__WHAT THE TASK REQUIRES__
Somewhere below is a line with "These late Mini" and, later, a line with "В технической спелости"; repeat those two lines and all the lines between them, exactly as they are.

── SUPPLIED ENTRIES ──

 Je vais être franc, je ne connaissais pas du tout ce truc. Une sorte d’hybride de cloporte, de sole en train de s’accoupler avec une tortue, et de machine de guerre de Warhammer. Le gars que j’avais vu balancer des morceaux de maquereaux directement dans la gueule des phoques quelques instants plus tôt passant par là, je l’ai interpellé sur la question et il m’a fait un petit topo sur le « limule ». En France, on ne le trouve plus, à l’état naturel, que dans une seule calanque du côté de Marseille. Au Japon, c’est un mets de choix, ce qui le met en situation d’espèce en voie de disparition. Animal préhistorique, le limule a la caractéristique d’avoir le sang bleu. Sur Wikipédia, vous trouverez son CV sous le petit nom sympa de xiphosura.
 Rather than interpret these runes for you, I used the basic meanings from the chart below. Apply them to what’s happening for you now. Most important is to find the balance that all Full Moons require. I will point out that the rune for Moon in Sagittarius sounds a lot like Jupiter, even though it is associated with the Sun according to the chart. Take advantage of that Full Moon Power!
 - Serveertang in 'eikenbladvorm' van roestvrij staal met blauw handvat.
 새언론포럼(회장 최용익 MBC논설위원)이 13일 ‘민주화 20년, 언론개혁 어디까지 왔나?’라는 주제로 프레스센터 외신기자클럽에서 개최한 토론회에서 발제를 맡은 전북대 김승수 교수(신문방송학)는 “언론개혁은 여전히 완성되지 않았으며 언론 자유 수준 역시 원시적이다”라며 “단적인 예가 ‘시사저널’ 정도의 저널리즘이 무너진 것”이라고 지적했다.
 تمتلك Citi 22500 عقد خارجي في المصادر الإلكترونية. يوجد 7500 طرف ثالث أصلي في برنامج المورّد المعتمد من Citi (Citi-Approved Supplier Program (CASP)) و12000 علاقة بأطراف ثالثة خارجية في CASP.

───
── SUPPLIED ENTRIES ──

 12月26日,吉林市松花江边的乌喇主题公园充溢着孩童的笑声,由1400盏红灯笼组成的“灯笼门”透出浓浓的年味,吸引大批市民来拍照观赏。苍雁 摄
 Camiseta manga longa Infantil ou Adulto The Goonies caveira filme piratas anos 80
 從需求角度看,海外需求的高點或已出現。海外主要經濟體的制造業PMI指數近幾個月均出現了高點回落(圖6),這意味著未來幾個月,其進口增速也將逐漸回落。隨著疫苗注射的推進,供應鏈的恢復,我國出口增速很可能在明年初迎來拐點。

───
── SUPPLIED ENTRIES ──

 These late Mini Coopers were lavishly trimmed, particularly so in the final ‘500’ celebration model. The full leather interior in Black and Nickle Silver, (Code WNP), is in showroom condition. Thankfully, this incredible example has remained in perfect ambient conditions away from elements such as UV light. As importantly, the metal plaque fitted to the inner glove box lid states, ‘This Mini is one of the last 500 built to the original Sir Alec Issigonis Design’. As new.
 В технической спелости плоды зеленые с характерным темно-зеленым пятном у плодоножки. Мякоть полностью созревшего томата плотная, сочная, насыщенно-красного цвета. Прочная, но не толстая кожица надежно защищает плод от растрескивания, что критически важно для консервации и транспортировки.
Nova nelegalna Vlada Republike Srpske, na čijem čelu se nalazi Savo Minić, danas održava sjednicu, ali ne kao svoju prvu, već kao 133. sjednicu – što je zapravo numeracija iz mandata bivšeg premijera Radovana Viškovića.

───

__EXERCISE ANSWER__
 These late Mini Coopers were lavishly trimmed, particularly so in the final ‘500’ celebration model. The full leather interior in Black and Nickle Silver, (Code WNP), is in showroom condition. Thankfully, this incredible example has remained in perfect ambient conditions away from elements such as UV light. As importantly, the metal plaque fitted to the inner glove box lid states, ‘This Mini is one of the last 500 built to the original Sir Alec Issigonis Design’. As new.
 В технической спелости плоды зеленые с характерным темно-зеленым пятном у плодоножки. Мякоть полностью созревшего томата плотная, сочная, насыщенно-красного цвета. Прочная, но не толстая кожица надежно защищает плод от растрескивания, что критически важно для консервации и транспортировки.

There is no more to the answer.